Representative relational connector. The other relational connectors (MySQL, MSSQL, BigQuery, Snowflake, Redshift) follow the same overall behaviour with dialect-specific differences in identifier quoting, preview syntax, and supported types.
| Field | Required | Sensitive | Default |
|---|---|---|---|
| Host | Yes | Yes | — |
| Port | Yes | No | 5432 |
| Database | Yes | No | — |
| Username | Yes | Yes | — |
| Password | Yes | Yes | — |
| Schema | No | No | public |
| Use SSL | No | No | false |
You need a PostgreSQL user with permissions on the schemas DagFlux will read from and write to.

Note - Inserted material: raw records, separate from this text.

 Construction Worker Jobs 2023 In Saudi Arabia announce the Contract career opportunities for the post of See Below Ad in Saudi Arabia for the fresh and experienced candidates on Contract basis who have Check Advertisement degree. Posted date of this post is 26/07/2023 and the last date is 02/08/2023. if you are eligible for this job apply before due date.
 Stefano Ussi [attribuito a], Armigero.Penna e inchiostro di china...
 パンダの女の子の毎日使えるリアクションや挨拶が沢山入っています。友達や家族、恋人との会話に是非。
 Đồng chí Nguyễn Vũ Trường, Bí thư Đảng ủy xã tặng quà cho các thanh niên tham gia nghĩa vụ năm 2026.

Best practice is to create a dedicated user rather than reusing an admin account.
Open psql or any SQL client connected to your PostgreSQL server as a user with
the CREATEROLE privilege (commonly postgres).
Replace the password with a strong one of your own.

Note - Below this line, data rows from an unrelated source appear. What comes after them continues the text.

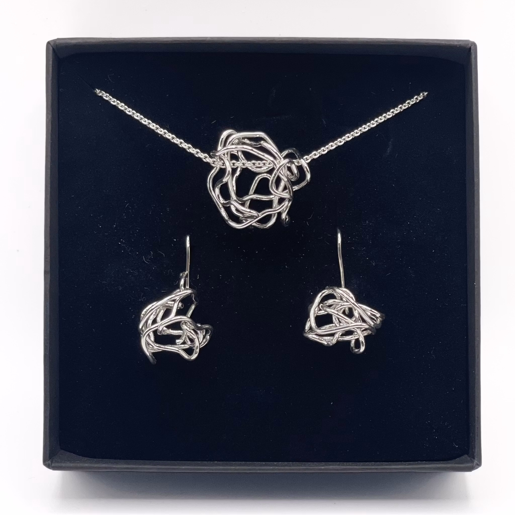 Detta set med våra älskade nystansmycken är både unika och tidlösa. Nystanhalsband modell mellan som hänger i en 50cm lång kedja och små nystanörhängen, ca 1cm. Då alla skapas för hand blir varje exemplar helt unikt. Set pris 1795kr (ord. 2190kr)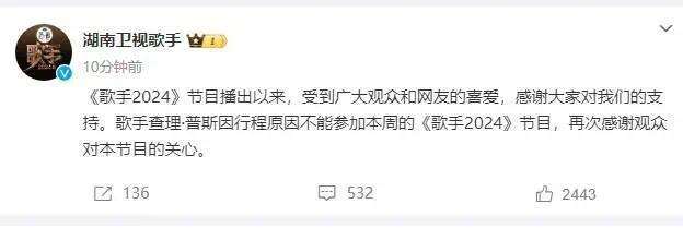 6月12日,《歌手2024》官方发文,正式确认“断眉”查理·普斯因为行程原因,无法参加本周的节目并进行表演。
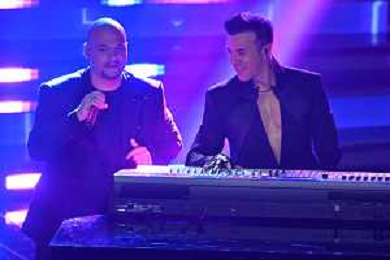 Festival Sanremo 2024 nella foto Fred De Palma con gli Eiffel 65 74mo Festival della Canzone Italiana - Quarta Serata Teatro Ariston - Sanremo (IM) 09-02-2024 foto Roberto Garavaglia/agenzia Aldo Liverani sas/AGENZIA ALDO LIVERANI SAS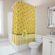 This sweet bee pattern shower curtain shows honeybees over a light, bright golden-yellow honeycomb background. The yellow and black bees have gossamer white-blue wings. They're crawling over the honeycomb inside their beehive. The bottom is edged in a golden and off-white stripe pattern that includes a honeycomb shape and room for your personalized monogram letter. This nature - inspired shower curtain is perfect for a pretty, country home decor theme.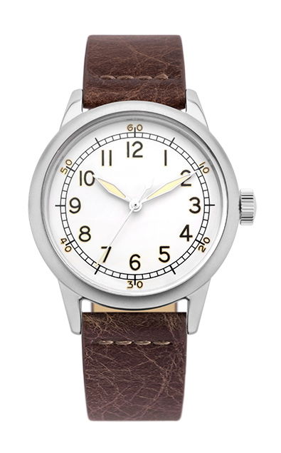 The most innovative take on the original A-11 Spec, the “White Patina Leather” ventures into new territory. It maintains the field watch and vintage look while the white dial brings a more subdued feel.

CREATE USER dagflux WITH PASSWORD 'choose-a-strong-password';
If DagFlux only needs to read from and write to the public schema:
-- Allow connecting and using the schema
GRANT CONNECT ON DATABASE mydb TO dagflux;
GRANT USAGE ON SCHEMA public TO dagflux;
-- Read + write on existing tables
GRANT SELECT, INSERT, UPDATE, DELETE ON ALL TABLES IN SCHEMA public TO dagflux;
GRANT USAGE, SELECT ON ALL SEQUENCES IN SCHEMA public TO dagflux;
-- Same permissions on tables created in the future
ALTER DEFAULT PRIVILEGES IN SCHEMA public
GRANT SELECT, INSERT, UPDATE, DELETE ON TABLES TO dagflux;
ALTER DEFAULT PRIVILEGES IN SCHEMA public
GRANT USAGE, SELECT ON SEQUENCES TO dagflux;
-- Allow DagFlux to create new tables (needed for new-table transformations and joins)

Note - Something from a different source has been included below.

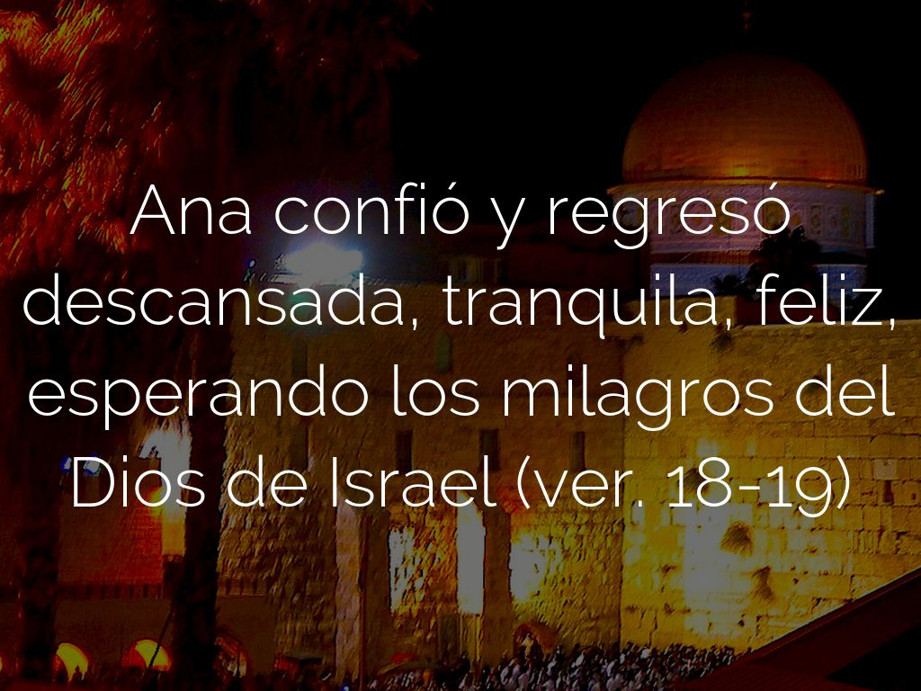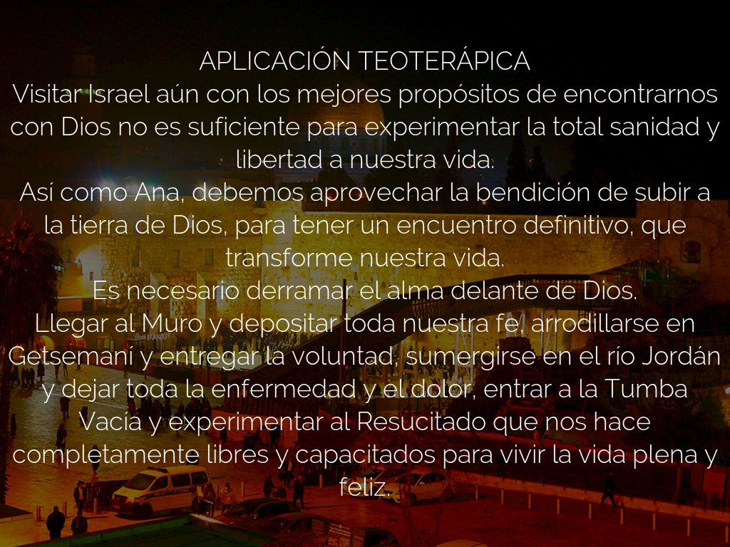 APLICACIÓN TEOTERÁPICA Visitar Israel aún con los mejores propósitos de encontrarnos con Dios no es suficiente para experimentar la total sanidad y libertad a nuestra vida. Así como Ana, debemos aprovechar la bendición de subir a la tierra de Dios, para tener un encuentro definitivo, que transforme nuestra vida. Es necesario derramar el alma delante de Dios. Llegar al Muro y depositar toda nuestra fe, arrodillarse en Getsemaní y entregar la voluntad, sumergirse en el río Jordán y dejar toda la enfermedad y el dolor, entrar a la Tumba Vacía y experimentar al Resucitado que nos hace completamente libres y capacitados para vivir la vida plena y feliz.

GRANT CREATE ON SCHEMA public TO dagflux;
If you'll only ever use this connection for sources (no transformer or join writing into it),
drop the INSERT, UPDATE, DELETE, CREATE grants and keep just SELECT:
GRANT CONNECT ON DATABASE mydb TO dagflux;
GRANT USAGE ON SCHEMA public TO dagflux;
GRANT SELECT ON ALL TABLES IN SCHEMA public TO dagflux;
ALTER DEFAULT PRIVILEGES IN SCHEMA public
GRANT SELECT ON TABLES TO dagflux;
If your PostgreSQL server is firewalled, make sure your machine's IP address is allowed in
pg_hba.conf and (if hosted) in the cloud provider's firewall rules. Cloud providers
(AWS RDS, GCP Cloud SQL, Azure Database for PostgreSQL, Supabase, etc.) all expose this through
their console.
Use the user, password, and database you set up. Pick the schema you granted access to. Enable SSL if your server requires it (most cloud providers do).
When you ask the AI assistant to transform data sitting in PostgreSQL, the assistant uses prompts written specifically for PostgreSQL. The shape of the result depends on the storage location and operation mode you choose — see Nodes — Transformer.